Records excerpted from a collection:
Content starts

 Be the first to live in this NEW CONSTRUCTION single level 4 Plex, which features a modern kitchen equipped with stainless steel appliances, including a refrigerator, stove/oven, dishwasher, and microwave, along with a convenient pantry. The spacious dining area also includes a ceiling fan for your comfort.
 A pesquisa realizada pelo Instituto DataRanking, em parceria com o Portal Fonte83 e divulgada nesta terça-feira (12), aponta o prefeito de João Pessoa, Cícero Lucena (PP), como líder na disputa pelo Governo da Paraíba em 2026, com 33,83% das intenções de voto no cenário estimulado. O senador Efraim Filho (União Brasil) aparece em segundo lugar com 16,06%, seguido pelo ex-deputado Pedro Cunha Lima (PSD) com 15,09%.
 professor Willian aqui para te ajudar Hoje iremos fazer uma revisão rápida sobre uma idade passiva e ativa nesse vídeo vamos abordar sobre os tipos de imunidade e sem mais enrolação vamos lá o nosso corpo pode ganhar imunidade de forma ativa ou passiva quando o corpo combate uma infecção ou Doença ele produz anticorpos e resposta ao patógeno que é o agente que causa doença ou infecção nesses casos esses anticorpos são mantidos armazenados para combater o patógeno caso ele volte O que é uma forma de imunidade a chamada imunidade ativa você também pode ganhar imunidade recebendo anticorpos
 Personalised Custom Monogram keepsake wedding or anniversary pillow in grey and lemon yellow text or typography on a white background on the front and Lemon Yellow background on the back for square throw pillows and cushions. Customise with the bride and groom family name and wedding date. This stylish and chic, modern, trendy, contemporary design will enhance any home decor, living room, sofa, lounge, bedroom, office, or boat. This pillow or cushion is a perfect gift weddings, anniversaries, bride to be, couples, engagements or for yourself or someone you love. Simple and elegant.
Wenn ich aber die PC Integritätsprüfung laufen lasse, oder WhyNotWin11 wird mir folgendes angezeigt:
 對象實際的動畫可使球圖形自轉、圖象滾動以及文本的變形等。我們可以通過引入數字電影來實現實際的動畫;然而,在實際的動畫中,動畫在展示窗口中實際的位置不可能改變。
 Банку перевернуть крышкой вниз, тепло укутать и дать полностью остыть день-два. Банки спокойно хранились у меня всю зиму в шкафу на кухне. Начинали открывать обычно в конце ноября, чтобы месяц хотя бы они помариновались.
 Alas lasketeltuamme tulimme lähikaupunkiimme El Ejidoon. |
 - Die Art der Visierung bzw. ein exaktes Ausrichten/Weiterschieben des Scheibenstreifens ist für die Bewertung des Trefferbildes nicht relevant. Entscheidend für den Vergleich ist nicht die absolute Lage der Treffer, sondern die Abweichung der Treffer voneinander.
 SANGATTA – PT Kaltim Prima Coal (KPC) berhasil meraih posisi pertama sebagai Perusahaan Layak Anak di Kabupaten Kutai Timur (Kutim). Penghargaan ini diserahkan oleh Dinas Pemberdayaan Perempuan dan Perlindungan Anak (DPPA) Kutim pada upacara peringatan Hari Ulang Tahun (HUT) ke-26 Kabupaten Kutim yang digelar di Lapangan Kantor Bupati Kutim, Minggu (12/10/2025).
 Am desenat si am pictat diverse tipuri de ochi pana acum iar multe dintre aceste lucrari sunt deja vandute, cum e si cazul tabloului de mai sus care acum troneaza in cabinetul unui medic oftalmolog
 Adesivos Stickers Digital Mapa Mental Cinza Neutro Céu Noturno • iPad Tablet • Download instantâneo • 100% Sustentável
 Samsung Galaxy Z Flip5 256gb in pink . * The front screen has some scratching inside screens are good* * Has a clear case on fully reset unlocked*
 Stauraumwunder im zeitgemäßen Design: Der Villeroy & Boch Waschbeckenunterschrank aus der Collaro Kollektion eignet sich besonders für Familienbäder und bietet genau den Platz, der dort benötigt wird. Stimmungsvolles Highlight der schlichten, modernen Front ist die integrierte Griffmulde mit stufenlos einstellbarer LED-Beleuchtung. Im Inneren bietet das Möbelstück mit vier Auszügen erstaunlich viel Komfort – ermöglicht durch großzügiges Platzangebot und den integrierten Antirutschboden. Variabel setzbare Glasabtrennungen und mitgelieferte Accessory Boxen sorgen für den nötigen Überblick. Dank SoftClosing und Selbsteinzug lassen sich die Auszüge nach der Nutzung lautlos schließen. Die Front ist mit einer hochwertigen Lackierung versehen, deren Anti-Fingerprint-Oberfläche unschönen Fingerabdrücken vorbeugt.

Content ends

Once you find the line with "Wenn ich aber" in the entries above, output it and each line after it up to and including the line with "- Die Art der", and nothing else.

Wenn ich aber die PC Integritätsprüfung laufen lasse, oder WhyNotWin11 wird mir folgendes angezeigt:
 對象實際的動畫可使球圖形自轉、圖象滾動以及文本的變形等。我們可以通過引入數字電影來實現實際的動畫;然而,在實際的動畫中,動畫在展示窗口中實際的位置不可能改變。
 Банку перевернуть крышкой вниз, тепло укутать и дать полностью остыть день-два. Банки спокойно хранились у меня всю зиму в шкафу на кухне. Начинали открывать обычно в конце ноября, чтобы месяц хотя бы они помариновались.
 Alas lasketeltuamme tulimme lähikaupunkiimme El Ejidoon. |
 - Die Art der Visierung bzw. ein exaktes Ausrichten/Weiterschieben des Scheibenstreifens ist für die Bewertung des Trefferbildes nicht relevant. Entscheidend für den Vergleich ist nicht die absolute Lage der Treffer, sondern die Abweichung der Treffer voneinander.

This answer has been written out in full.